Yeves afirma que existe un cachulito molondrón, que es el que está libre de chicha, sean tajadillas de tocino o hígado. Es, pues, la versión más pobre del plato de los pobres. Su diccionario tien mu cho aprovechamiento; es una lectura ideal con la que pasar un buen rato.
Sí, el cachulito era una socorridísima comida en nuestras casas en los tiempos pasados. Ahora, es un manjar de reuniones o festejos populares. Se rememora con un tono nostálgico, pero sólo por su suculenta potencia alimenticia, no por el recuerdo de los elementos del entorno que lo rodeaban.
El bienestar de esta sociedad de las comodidades ha desterrado al cachulito a un lugar bien alejado de las recetas cotidianas que llenan los platos de nuestras mesas. Es probable que ni los más pobres sepan de su existencia. Ahora que el progreso nos proporciona de todo.

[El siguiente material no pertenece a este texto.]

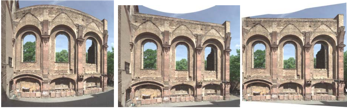
Fig. 5: Tangential projection (90° panorama sector, projection on a tangential plane, rectification)
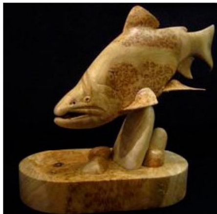
For this seven-inch Tiger Trout, I used a maple burl which increased the level of difficulty.
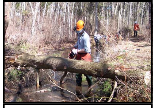
Herring run clearing in Yarmouth
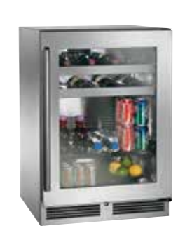
24" Signature Series Beverage Center HP24BO-3-3R (shown)
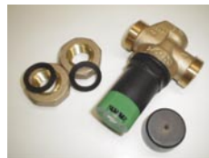
Pressure regulating valve (#MIXXPRV.1)
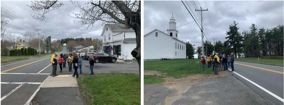
Images of the walk audit participants observing conditions along the walking route.
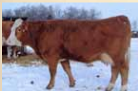
CLNO 25J - Grand dam
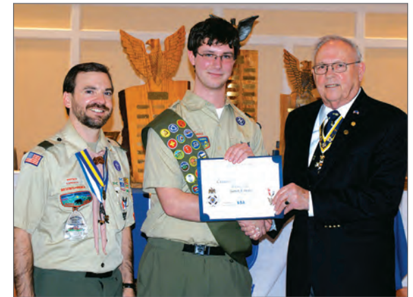
Eagle Scout Court of Honor recognition by the Sons of the American Revolution.

The SAR and the Boy Scouts participate in many activities together. Scouts of all ages can help during SAR parades and ceremonies including grave markings and Revolutionary War battle ceremonies. SAR members contribute to Scouting activities by teaching relevant merit badges, such as American Heritage, Genealogy, Law, Citizenship in the Community, Citizenship in the Nation, and Citizenship in the World.
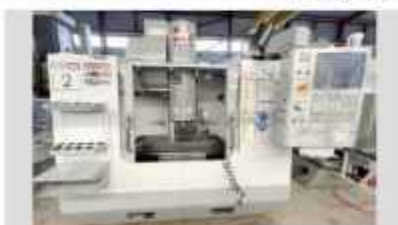
HAAS VF-2 SSHE 3-axis machining center
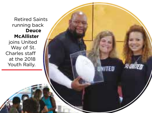
Retired Saints running back Deuce McAllister joins United Way of St. Charles staff at the 2018 Youth Rally.

La sociedad de las comodidades es la del racionalismo extremo. Las viejas creencias han quedado recluidas en el baúl de los absurdos. Aquellos que somos creyentes pasamos por bichos raros. Pero determinadas creencias siguen vivas, quizás convertidas en chistes sarcásticos, en esquemas increíblemente incoherentes.
Néstor Luján cita constantemente el cachulito como un plato bien antiguo. Al menos habría noticia de él desde el siglo XVI. Entre nosotros: me da que este plato es tan antiguo como el pan. La verdad es que hoy ningún agricultor como migas a diario. En realidad, se ha convertido en un plato común para seres urbanos que rememoran con estas viandas sus raíces rurales.

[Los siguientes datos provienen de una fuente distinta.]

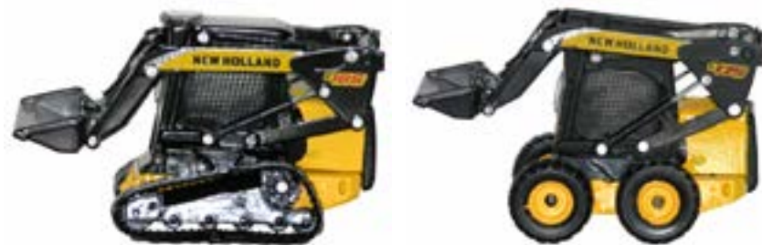
# 6500 - New Holland C185 # 6503 - New Holland L175 (1:50)

Eran y son suculentas, pero el problema surgía en días de muerto. Si un vecino moría se temía su presencia. Las cocineras, las campesinas que se ocupaban parte del sía en cocinarlas, creían que el muerto metía sus manos en la sartén contaminando el plato. Si previamente se conocía el paso al otro mundo del finado, se evitaba poner migas a la mesa. Obvio resulta decir que en tiempos de hambre…

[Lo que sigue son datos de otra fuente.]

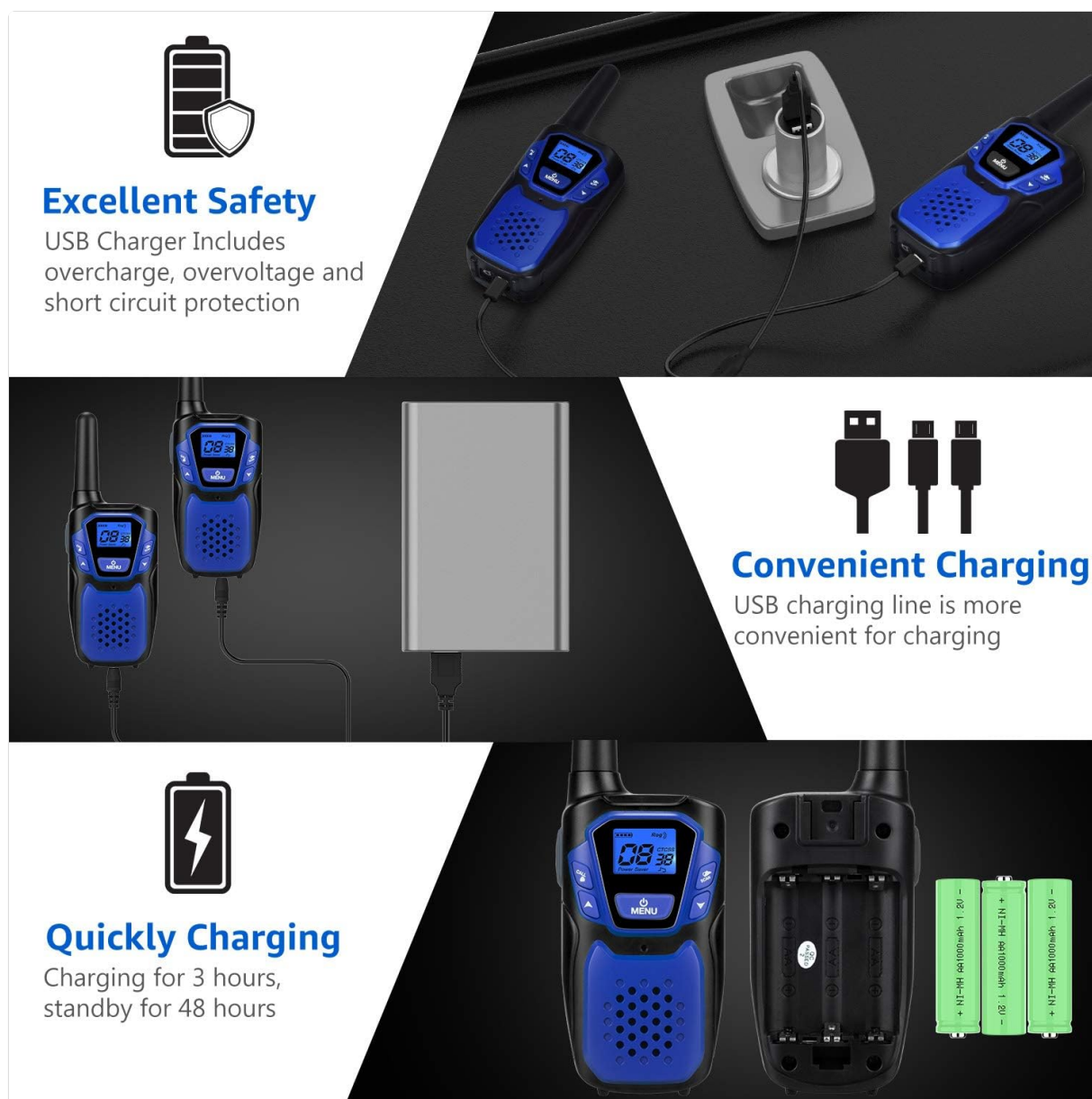
Figure 2: Convenient USB charging and battery compartment access.

Este tipo de creencias, hoy tomadas por supersticiones absurdas, enraizan con un mundo antiguo, ya sumido en el pasado, pero superviviente en determinados individuos que vienen de la sociedad tradicional. Son los ejemplares ideológicos de un mundo ya superado. ¿Este mundo de lo racional y el bienestar será capaz de construir una auténtica civilización?
En el fondo, esta creencia en la actividad inmediata de los muertos sobre las migas está emparentada con un complejo mundo de creencias sobre los muertos que supera, como es lógico, culturas, mares y fronteras. Los habitantes de Bali leían cuentos familiares en presencia del cuerpo del familiar muerto durante dos o tres días con el fin de alejar a los demonios del alma de su familiar. Era un mecanismo de protección. Los primeros días eran decisivos para que el alma no cayera en manos de estos seres demoníacos y para que fuera a lugar que le correspondía.
Pero el cachulí es tan especial para los recién muertos que no pueden evitar comer con los dedos. Para los vivos esto puede estropear el plato del día. Salvo que uno no sea asqueroso.
Los tanatorios actuales han desplazado la carga de las familias ante la muerte de un ser querido. El viejo velatorio en las casas, realizado por vecinos y la familia ya no se realiza. La muerte se aleja de nosotros, porque nos repugna, porque, en el fondo, la tememos más que cualquier otra generación.
Hay que resaltar que las manos del finado quizás manosearon el cachulito dentro de la sartén. Pero, en todo caso, ya debían de haber tocado la gloria divina, porque estaba extraordinario. Eso sí: la cocinera ni lo probó.
Obras citadas:
Luján, N., (1988), Historia de la Gastronomía. Sabadell: Plaza y Janés.
Yeves Descalzo, F.A., (1997). Diccionario del lenguaje histórico y del habla popular y vulgar de la comarca de Requena-Utiel. Requena: CER.